De un día para otro estalló la burbuja invisible que contenía años de represión, descontento, sufrimiento, injusticia, mentira y explotación. De un momento a otro la realidad salió a las calles secundada y apoyada por una manifestación apocalíptica de la naturaleza que nos inundó los castillos de naipe, mostrando con una simpleza innegable, la hegemonía de la vida (y su gemela la muerte) por sobre cualquier irrealidad.

Resultado de esto, la mente colapsó. Todos los cálculos, predicciones, planes, metas, todo lo que la mente fabrica para poner la zanahoria del futuro por delante, empezó a sonar como disco rayado en las vidas individuales, familiares y colectivas. Las cosas, como las veníamos haciendo hasta ahora -en todos los ámbitos- dejaron de servir. Y de tener sentido. A consecuencia de lo anterior, el sistema se quedó sin nada que ofrecernos, excepto los lastres atados en pleno hundimiento.

Sin brújulas reales y con compases descompuestos, como humanidad nos quedamos sin respuestas, por lo menos por parte de los líderes que se peleaban hasta ahora los podios del poder, la fama y la gloria. En cuestión de un par de años demostraron no solo no saber, sino develar lo que se nos ha ocultado todo este tiempo; que la vida requiere respuestas vivas, los seres humanos necesitamos recibir amor, y nada de eso lo estaba ni siquiera considerando la mente, con todas sus leyes, políticas e incluso filosofías. El sistema se ha quedado incluso sin respuesta a nuestra salud mental, emocional, física o espiritual. Algo tan básico como sentirme bien y seguro en el mundo es algo que finalmente la economía demostró no saber, y no poder.
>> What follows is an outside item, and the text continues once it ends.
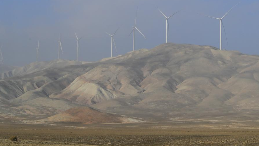 Standing at the booster substation of a new wind farm in eastern Azerbaijan, he looked up toward the ridgeline -- one now dotted with towering white wind turbines.

Sin ir más lejos, este fin de año hemos vivido una elección presidencial que ha vuelto a polarizar opiniones y espíritus, resucitando viejos antagonismos. Finalmente ha sido elegido por primera vez en la historia nacional un presidente de 35 años, con el cual ingresan brisas nuevas -una generación llamada en un inicio “los pingüinos” (escolares uniformados)- que con una nueva mirada y una nueva actitud pueden abordar los problemas de un modo diferente, en concordancia con los diálogos y encuentros que estos tiempos demandan. Pero durante la campaña volvieron a resurgir los miedos, como la expresión de los monstruos más arcaicos ocultos en el inconsciente colectivo.
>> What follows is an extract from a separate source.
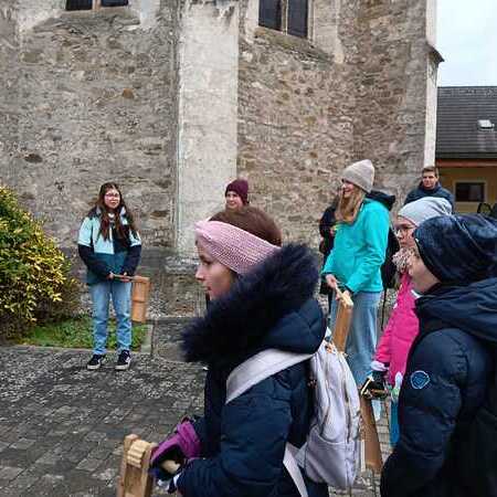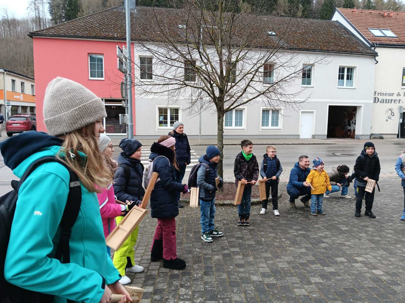 In Gruppen zogen die Kinder und Jugendlichen durch den gesamten Ort und erfüllten die Straßen mit dem charakteristischen Klang ihrer hölzernen Instrumente. Mit großem Engagement hielten sie so einen alten Brauch lebendig.

Y eso que estamos solo en la primera parte de la crisis: como sociedad por fin estamos unánimemente de acuerdo en el hundimiento del sistema actual. Ahora viene la segunda parte; qué hacemos con todo este derrumbe y cómo seguimos adelante. Para suerte nuestra, es cada vez más evidente que existen las sincronías, como le llama la psicología Jungiana. Explicado en simple, vendrían a ser como los eventos atraídos por el inconsciente colectivo de acuerdo al siguiente paso lógico en la evolución. Y eso es lo que está ocurriendo, quiéralo la mente o no. Por lo tanto, la segunda fase de la crisis, luego de reconocerla como un movimiento de contracción propio y natural de la vida para fomentar la evolución, es poner atención, energía y recursos en las herramientas que sí son útiles para esta dimensión que se nos ha venido como una avalancha encima, llámese las necesidades urgentes de nuestro mundo interior.

Podríamos concluir de esta forma, tal vez, que las crisis son nuestro verdadero “seguro de vida” frente al automatismo mental. Pero como todo en la vida, necesitamos un plan y definitivamente, nuevas estrategias. Nuestros doctores tienen que aprender a ser doctores también del alma, nuestros profesores convertirse en maestros y guías y nuestros líderes en servidores comunitarios. Nuestras relaciones deberían tender más hacia el amor y la colaboración, lejos de toda competencia. Y la vida en el planeta debería incluir una sabiduría colectiva que no solo incluya el concepto de crisis como algo excepcional o negativo a ser evadido, sino un cuerpo de conocimiento articulado que nos enseñe y guíe a vivir en forma orgánica y natural, y dicha forma sabe que las crisis son los puntos de blandura e inflexión de todo cambio que asegura la evolución.